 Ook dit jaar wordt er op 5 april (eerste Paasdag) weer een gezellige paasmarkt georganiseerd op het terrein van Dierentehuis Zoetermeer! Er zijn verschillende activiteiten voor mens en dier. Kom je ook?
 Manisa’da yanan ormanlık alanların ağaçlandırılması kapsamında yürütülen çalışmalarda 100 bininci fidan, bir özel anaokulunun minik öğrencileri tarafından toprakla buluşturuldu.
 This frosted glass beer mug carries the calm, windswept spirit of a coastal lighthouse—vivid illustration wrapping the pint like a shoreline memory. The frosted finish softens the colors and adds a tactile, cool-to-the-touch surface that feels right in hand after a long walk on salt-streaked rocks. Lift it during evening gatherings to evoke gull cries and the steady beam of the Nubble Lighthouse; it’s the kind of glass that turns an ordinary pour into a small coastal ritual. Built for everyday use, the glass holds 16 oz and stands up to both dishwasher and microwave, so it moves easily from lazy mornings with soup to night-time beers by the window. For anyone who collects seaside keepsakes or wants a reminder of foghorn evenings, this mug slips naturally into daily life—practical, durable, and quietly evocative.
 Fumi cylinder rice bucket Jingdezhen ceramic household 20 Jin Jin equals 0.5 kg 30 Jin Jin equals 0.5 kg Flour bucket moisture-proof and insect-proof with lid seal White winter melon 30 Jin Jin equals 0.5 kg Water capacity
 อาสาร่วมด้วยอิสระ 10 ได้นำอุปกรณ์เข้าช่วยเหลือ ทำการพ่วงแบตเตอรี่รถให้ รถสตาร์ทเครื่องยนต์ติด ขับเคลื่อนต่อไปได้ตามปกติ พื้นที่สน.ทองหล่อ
==
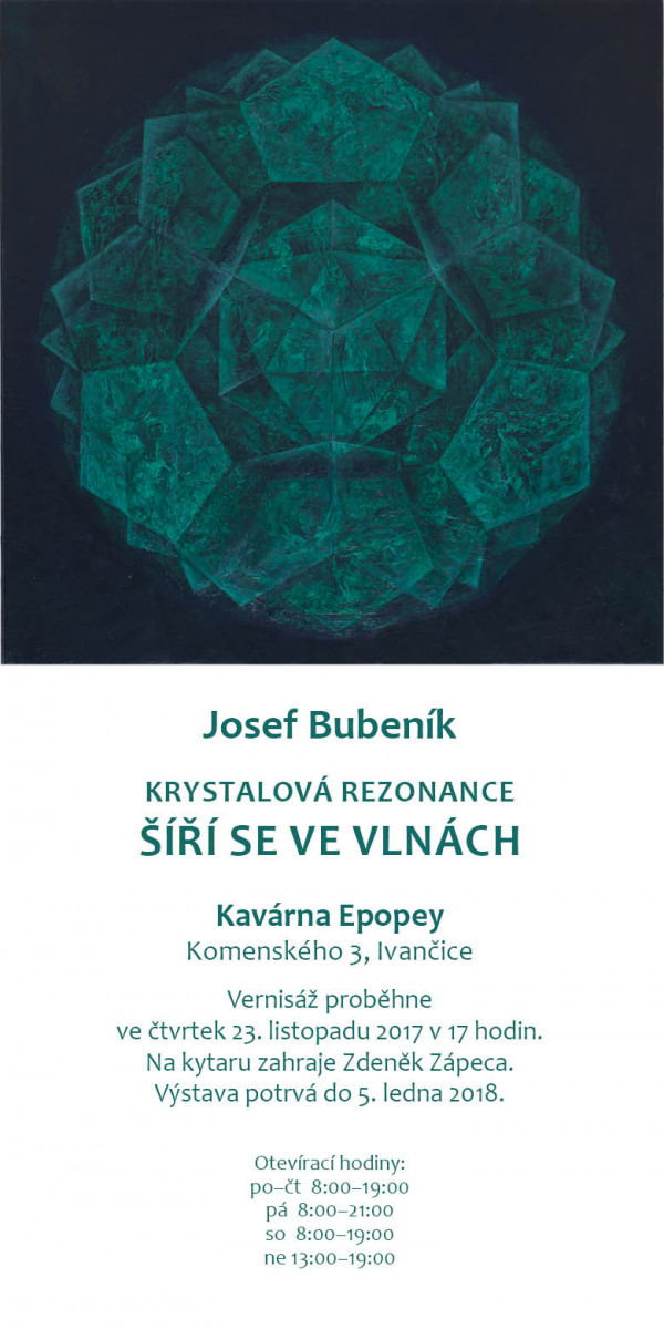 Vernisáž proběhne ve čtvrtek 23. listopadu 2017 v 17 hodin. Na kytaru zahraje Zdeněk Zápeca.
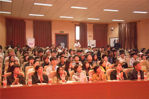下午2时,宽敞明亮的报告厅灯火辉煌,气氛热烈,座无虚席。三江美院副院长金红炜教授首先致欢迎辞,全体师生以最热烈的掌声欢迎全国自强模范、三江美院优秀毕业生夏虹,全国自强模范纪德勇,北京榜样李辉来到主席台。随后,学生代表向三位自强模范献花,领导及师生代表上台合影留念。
---
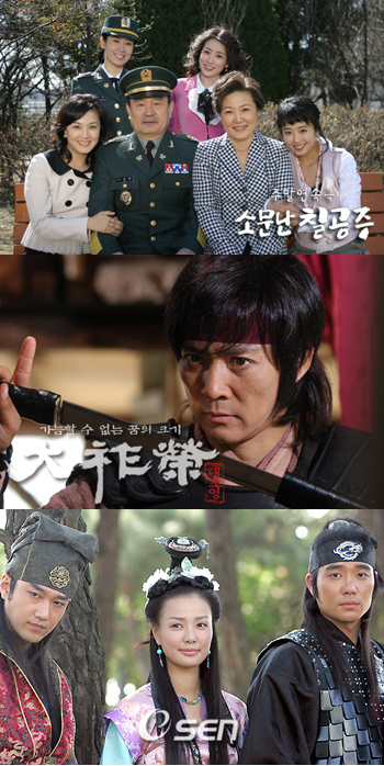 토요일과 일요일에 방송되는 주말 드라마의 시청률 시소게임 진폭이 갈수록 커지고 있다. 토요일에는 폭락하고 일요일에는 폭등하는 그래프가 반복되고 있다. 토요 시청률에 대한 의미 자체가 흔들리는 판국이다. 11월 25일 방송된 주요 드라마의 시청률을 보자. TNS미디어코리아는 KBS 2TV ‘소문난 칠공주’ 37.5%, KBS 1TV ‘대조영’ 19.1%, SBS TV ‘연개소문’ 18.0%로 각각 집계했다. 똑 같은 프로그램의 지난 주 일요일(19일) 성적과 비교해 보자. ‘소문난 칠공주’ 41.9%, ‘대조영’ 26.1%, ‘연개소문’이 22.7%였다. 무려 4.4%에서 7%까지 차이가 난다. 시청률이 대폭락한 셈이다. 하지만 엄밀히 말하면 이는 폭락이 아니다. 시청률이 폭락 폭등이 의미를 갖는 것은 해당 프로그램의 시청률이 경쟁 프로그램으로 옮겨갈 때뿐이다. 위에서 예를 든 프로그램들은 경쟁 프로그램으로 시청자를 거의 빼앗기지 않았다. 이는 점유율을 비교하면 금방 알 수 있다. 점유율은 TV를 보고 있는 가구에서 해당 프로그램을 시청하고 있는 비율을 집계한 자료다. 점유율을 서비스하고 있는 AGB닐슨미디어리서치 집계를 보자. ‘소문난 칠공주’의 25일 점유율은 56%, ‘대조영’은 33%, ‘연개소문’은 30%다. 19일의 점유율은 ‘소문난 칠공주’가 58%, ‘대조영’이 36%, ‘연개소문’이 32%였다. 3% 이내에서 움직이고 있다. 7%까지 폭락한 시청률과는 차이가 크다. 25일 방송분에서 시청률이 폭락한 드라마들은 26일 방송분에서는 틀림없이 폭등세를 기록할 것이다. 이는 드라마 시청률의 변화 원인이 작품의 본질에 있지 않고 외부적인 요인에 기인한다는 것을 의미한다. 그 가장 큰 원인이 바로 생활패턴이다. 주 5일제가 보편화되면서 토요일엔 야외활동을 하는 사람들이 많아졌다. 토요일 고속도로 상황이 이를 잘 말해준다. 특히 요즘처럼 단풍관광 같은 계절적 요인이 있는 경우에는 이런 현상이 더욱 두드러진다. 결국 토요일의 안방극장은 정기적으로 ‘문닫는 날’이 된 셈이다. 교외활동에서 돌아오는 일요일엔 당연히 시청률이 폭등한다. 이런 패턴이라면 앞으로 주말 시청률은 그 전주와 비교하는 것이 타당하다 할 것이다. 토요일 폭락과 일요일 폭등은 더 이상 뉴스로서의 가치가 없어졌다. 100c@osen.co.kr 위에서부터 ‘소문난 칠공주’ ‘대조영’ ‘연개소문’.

> _Exercise directions_
Starting at the line that has "Ook dit jaar" and ending at the line that has "This frosted glass", please write out the lines above exactly, leaving out all others.

> _Solution for this problem_
 Ook dit jaar wordt er op 5 april (eerste Paasdag) weer een gezellige paasmarkt georganiseerd op het terrein van Dierentehuis Zoetermeer! Er zijn verschillende activiteiten voor mens en dier. Kom je ook?
 Manisa’da yanan ormanlık alanların ağaçlandırılması kapsamında yürütülen çalışmalarda 100 bininci fidan, bir özel anaokulunun minik öğrencileri tarafından toprakla buluşturuldu.
 This frosted glass beer mug carries the calm, windswept spirit of a coastal lighthouse—vivid illustration wrapping the pint like a shoreline memory. The frosted finish softens the colors and adds a tactile, cool-to-the-touch surface that feels right in hand after a long walk on salt-streaked rocks. Lift it during evening gatherings to evoke gull cries and the steady beam of the Nubble Lighthouse; it’s the kind of glass that turns an ordinary pour into a small coastal ritual. Built for everyday use, the glass holds 16 oz and stands up to both dishwasher and microwave, so it moves easily from lazy mornings with soup to night-time beers by the window. For anyone who collects seaside keepsakes or wants a reminder of foghorn evenings, this mug slips naturally into daily life—practical, durable, and quietly evocative.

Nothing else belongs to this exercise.